START Record excerpts

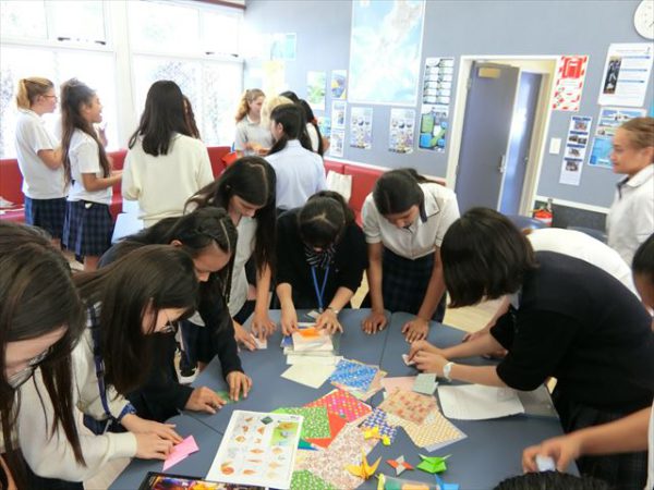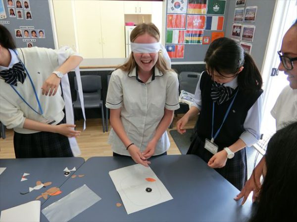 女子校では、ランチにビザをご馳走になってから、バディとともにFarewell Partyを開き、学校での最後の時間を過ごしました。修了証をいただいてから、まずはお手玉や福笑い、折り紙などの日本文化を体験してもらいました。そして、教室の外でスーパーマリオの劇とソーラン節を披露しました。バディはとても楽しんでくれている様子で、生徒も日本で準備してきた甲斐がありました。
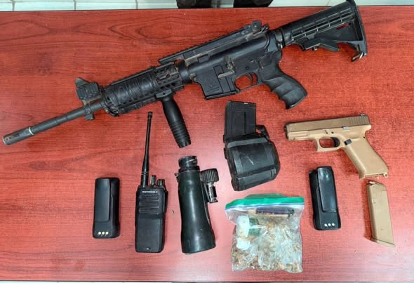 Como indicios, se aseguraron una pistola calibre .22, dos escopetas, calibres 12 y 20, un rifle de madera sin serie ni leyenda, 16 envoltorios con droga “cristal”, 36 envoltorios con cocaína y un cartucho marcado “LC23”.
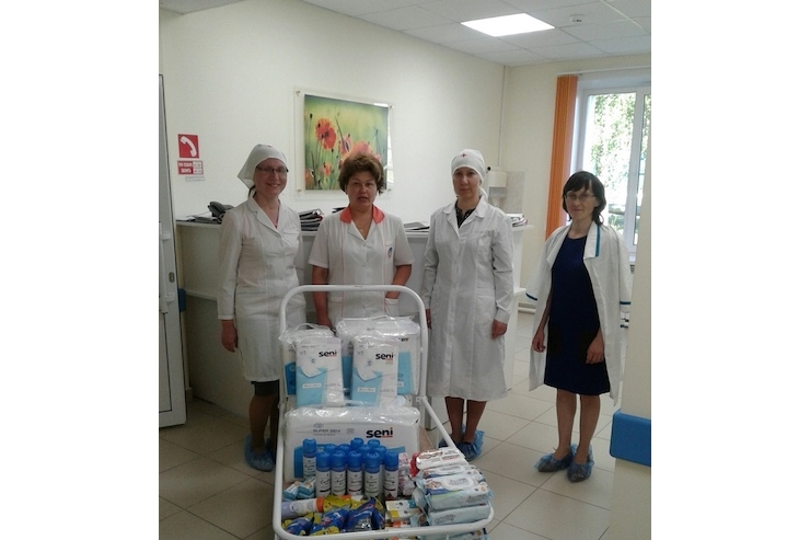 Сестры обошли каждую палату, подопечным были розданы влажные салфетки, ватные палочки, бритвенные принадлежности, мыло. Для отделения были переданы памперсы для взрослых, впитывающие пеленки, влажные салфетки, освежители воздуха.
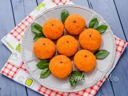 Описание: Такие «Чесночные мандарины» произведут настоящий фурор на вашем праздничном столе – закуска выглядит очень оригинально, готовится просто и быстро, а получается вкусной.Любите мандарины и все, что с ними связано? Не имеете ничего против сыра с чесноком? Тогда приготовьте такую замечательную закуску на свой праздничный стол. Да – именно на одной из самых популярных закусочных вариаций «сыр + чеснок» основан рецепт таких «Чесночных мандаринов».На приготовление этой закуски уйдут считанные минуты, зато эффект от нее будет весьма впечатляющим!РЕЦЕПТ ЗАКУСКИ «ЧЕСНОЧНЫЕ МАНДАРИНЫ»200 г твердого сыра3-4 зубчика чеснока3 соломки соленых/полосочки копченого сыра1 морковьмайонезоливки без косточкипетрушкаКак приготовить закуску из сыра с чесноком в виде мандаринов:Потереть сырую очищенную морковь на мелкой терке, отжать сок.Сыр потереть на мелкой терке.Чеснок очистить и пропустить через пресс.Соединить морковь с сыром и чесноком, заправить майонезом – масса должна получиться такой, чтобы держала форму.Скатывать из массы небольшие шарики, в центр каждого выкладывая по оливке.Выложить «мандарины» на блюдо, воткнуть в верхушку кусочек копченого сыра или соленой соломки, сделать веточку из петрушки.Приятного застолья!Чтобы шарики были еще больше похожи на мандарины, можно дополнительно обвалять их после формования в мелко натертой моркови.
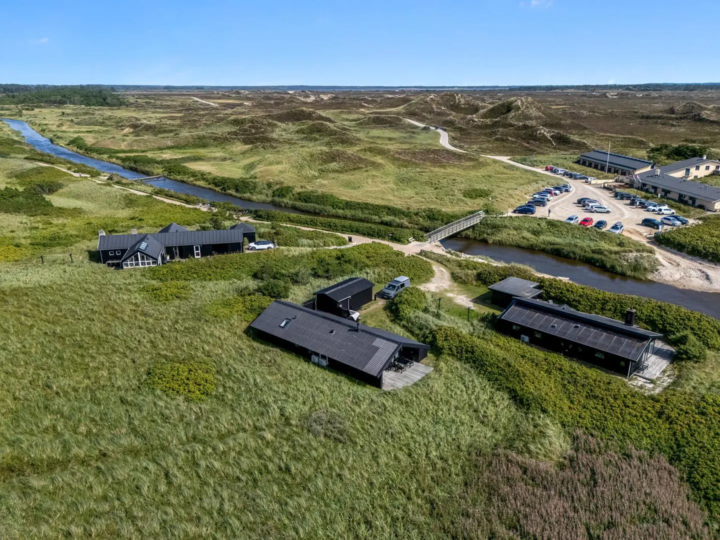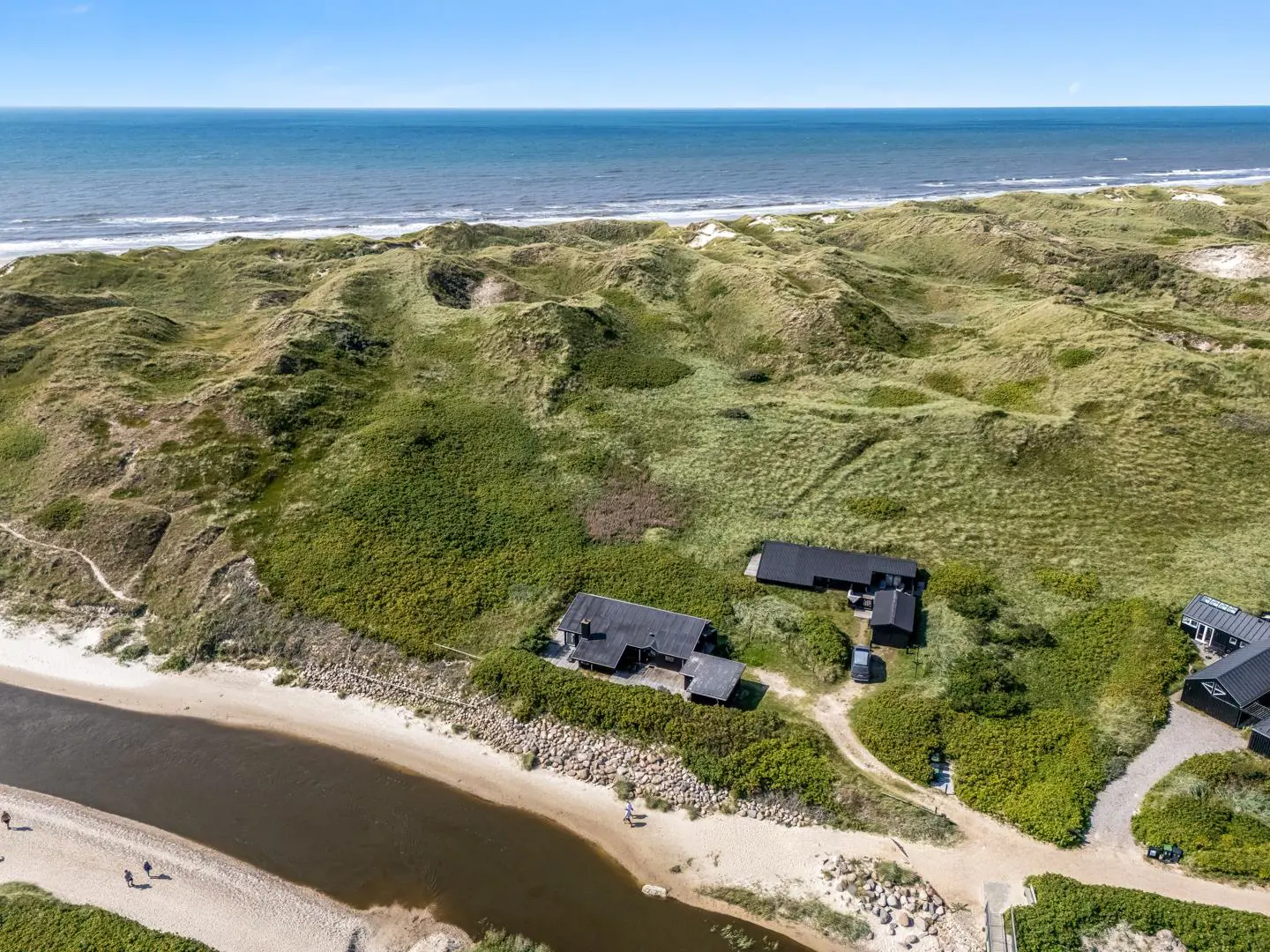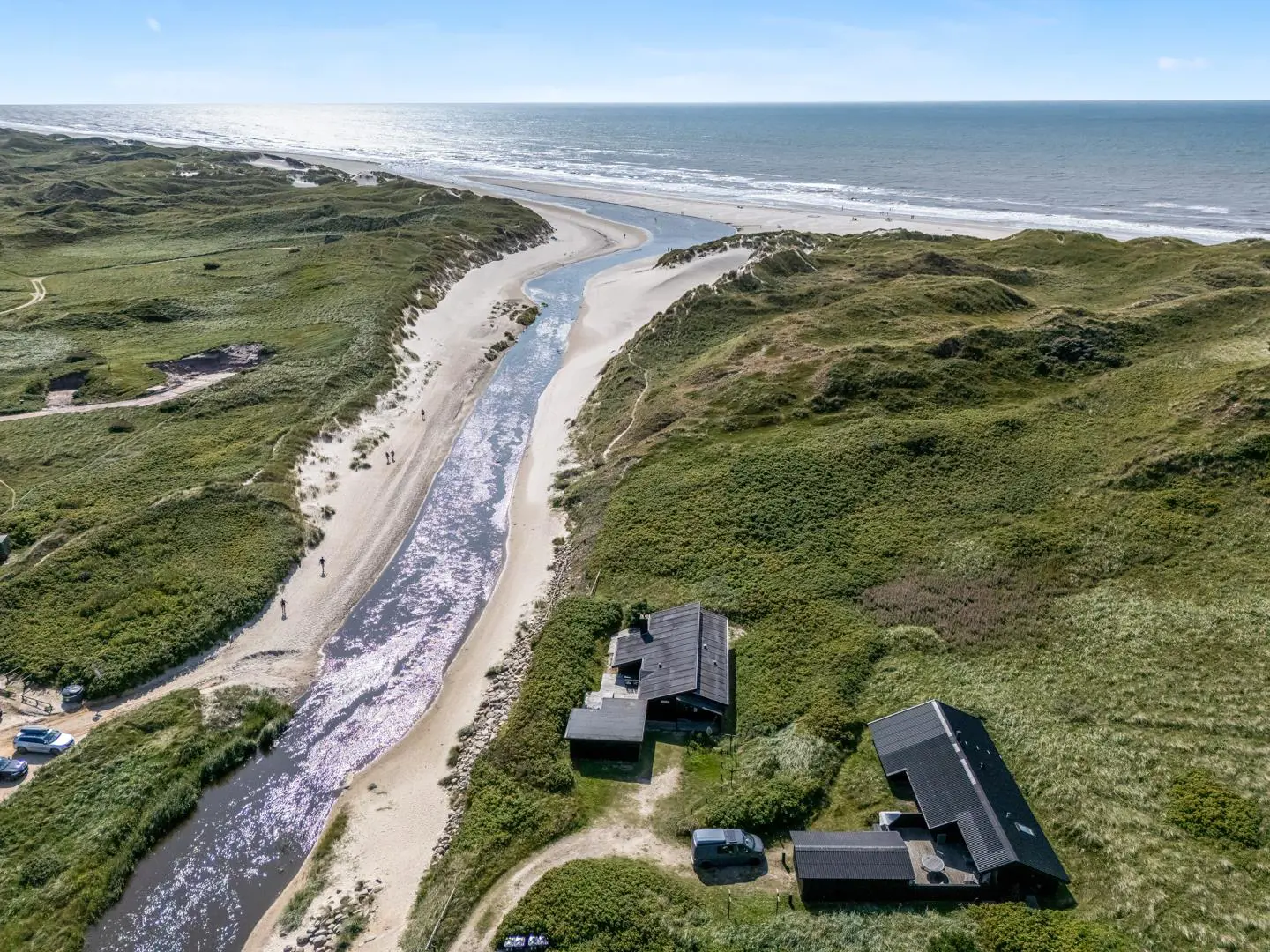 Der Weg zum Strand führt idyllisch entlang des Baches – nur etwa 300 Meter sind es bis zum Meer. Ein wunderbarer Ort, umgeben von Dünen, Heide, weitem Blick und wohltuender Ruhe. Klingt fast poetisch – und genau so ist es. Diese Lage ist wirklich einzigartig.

END Record excerpts
START Record excerpts

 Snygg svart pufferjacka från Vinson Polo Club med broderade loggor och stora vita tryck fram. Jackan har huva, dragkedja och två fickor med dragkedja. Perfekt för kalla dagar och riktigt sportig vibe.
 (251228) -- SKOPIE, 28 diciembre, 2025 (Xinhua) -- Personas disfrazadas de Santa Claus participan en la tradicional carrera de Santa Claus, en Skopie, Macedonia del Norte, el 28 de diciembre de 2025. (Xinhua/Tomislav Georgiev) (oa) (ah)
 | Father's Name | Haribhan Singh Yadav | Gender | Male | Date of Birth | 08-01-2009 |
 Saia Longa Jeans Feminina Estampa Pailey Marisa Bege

END Record excerpts
START Record excerpts

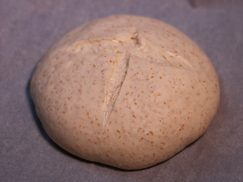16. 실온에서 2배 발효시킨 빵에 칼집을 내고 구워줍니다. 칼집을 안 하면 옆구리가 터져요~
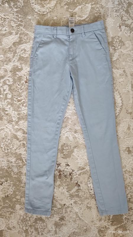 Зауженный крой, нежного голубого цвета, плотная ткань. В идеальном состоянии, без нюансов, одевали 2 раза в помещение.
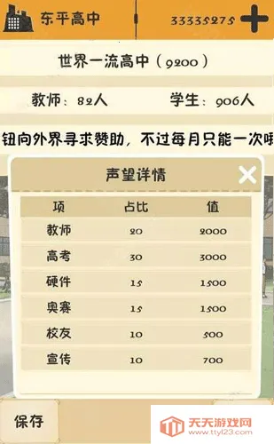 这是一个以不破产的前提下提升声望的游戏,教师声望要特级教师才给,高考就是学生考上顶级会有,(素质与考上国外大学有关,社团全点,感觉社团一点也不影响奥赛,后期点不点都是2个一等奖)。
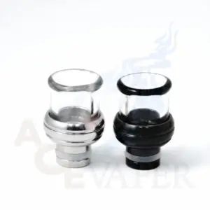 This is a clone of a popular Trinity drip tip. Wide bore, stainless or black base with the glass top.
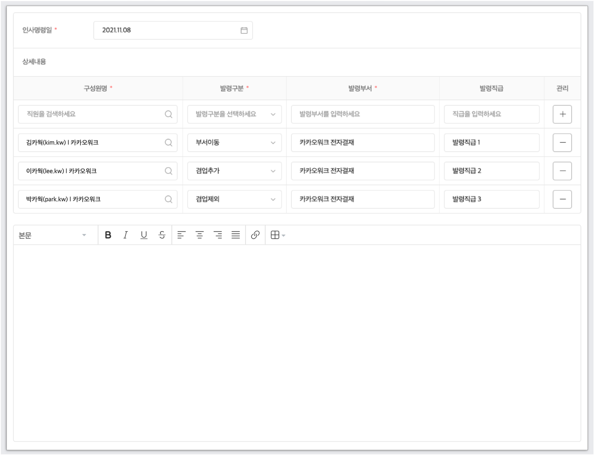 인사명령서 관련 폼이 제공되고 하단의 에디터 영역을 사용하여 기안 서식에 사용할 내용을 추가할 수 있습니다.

END Record excerpts

> [Exercise brief]: Only the lines above from the one containing "Como indicios, se" through the one containing "Сестры обошли каждую" should be returned, verbatim and inclusive, with pictures excluded.

> [Result for this task]:
 Como indicios, se aseguraron una pistola calibre .22, dos escopetas, calibres 12 y 20, un rifle de madera sin serie ni leyenda, 16 envoltorios con droga “cristal”, 36 envoltorios con cocaína y un cartucho marcado “LC23”.
 Сестры обошли каждую палату, подопечным были розданы влажные салфетки, ватные палочки, бритвенные принадлежности, мыло. Для отделения были переданы памперсы для взрослых, впитывающие пеленки, влажные салфетки, освежители воздуха.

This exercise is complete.